2019-05-24 08:40:29.232 UTC [grpc] newHTTP2Transport -> DEBU 17a grpc: Server.Serve failed to create ServerTransport: connection error: desc = "transport: http2Server.HandleStreams failed to receive the preface from client: EOF
2019-05-24 08:42:28.023 UTC [grpc] newHTTP2Transport -> DEBU 17b grpc: Server.Serve failed to create ServerTransport: connection error: desc = "transport: http2Server.HandleStreams failed to receive the preface from client: read tcp 10.50.131.94:7050->10.50.131.97:36244: read: connection reset by peer"
I am facing the same issue but I can figure out why. 


Jean-Gaël Dominé <jgdomine@...>
 

It was explained in my post https://lists.hyperledger.org/g/fabric/message/6783 I think.

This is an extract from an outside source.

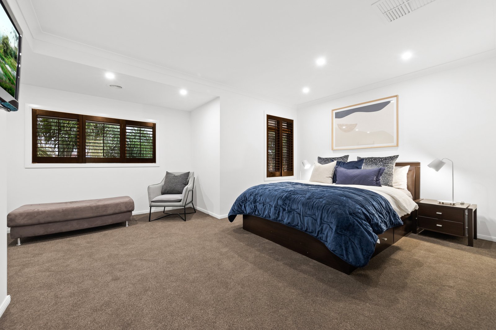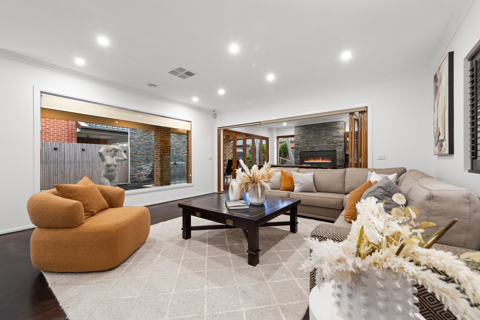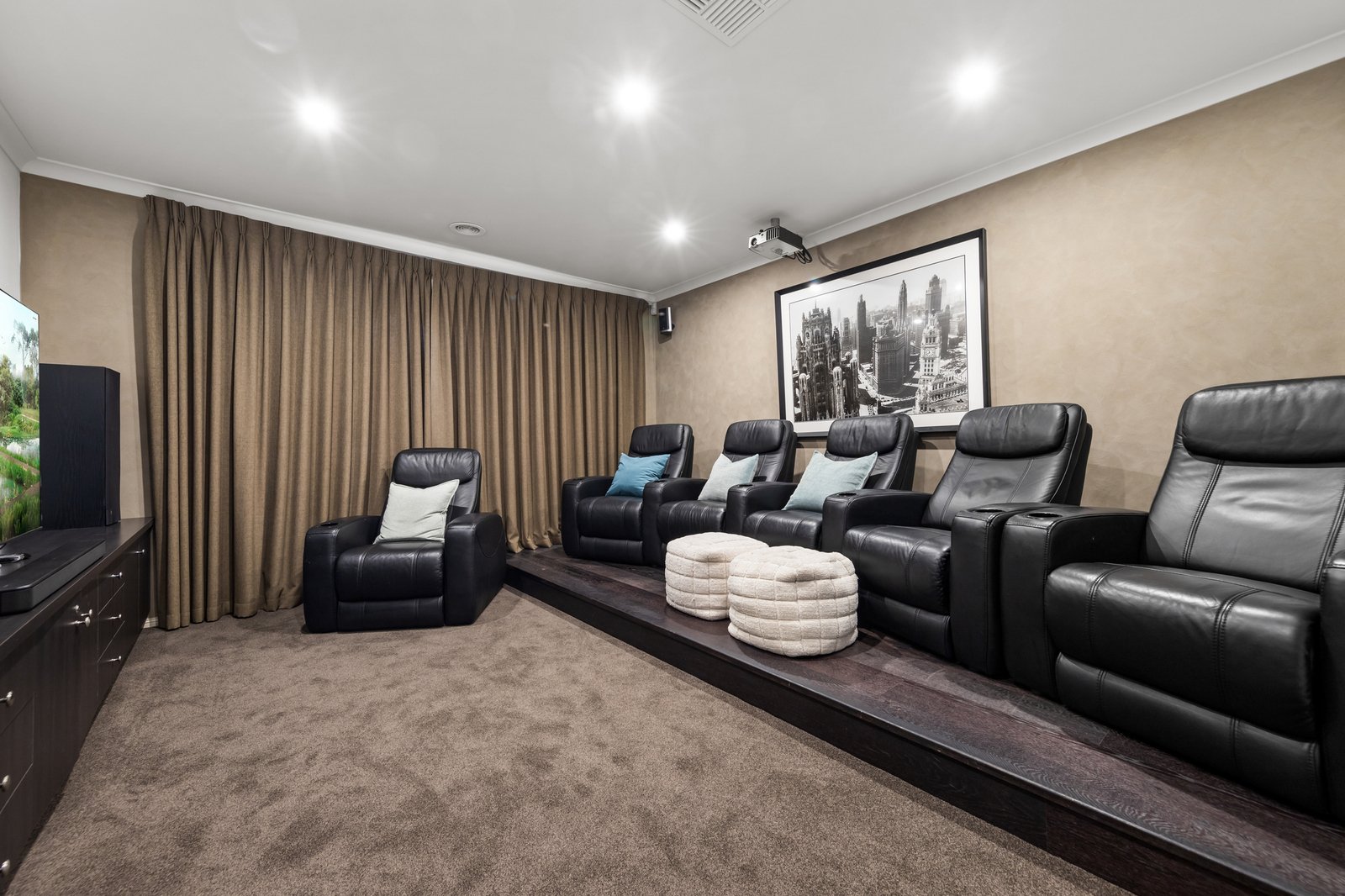 The ground floor also includes a private master suite with a walk-in robe and ensuite, ideal for multi-generational living or accommodating guests. A dedicated theatre room sets the scene for immersive movie nights, while a laundry with outdoor access adds everyday convenience.

The problem comes from the fact that the common name of the certificates issued by the CA is the login you give on the enroll command. For example, my peer is name peer0-afkl and my enroll command looks like this (helm syntax with variables):
fabric-ca-client enroll --enrollment.profile tls -m {{ .name }}-{{ $root.Values.network.ordererOrganization.domain }} --csr.hosts {{ .subjectAlternativeName }} \
-u $PROTOCOL://{{ .login }}:{{ .password }}@$CA_URL \
-M ./crypto-config/ordererOrganizations/{{ $root.Values.network.ordererOrganization.domain }}/{{ .name }}-{{ $root.Values.network.ordererOrganization.domain }}/tls $TLS_OPTION

Basically my .login variable was set to peer0 and I realized that the common name was set to peer0. So when the TLS communication was set up, I got errors because the component peer0-afkl had a certificate that did not match its name. That is why I got the error. I then added the --csr.hosts option so that peer0-afkl was added as a SAN DNS name. This solved this issue.

You can also use the same value for the login and the peer's name but I don't know which approach is the cleaner.

Hope it helps

My workaround was to overwrite the SAN using the --csr.hosts option of the fabric-ca-client command.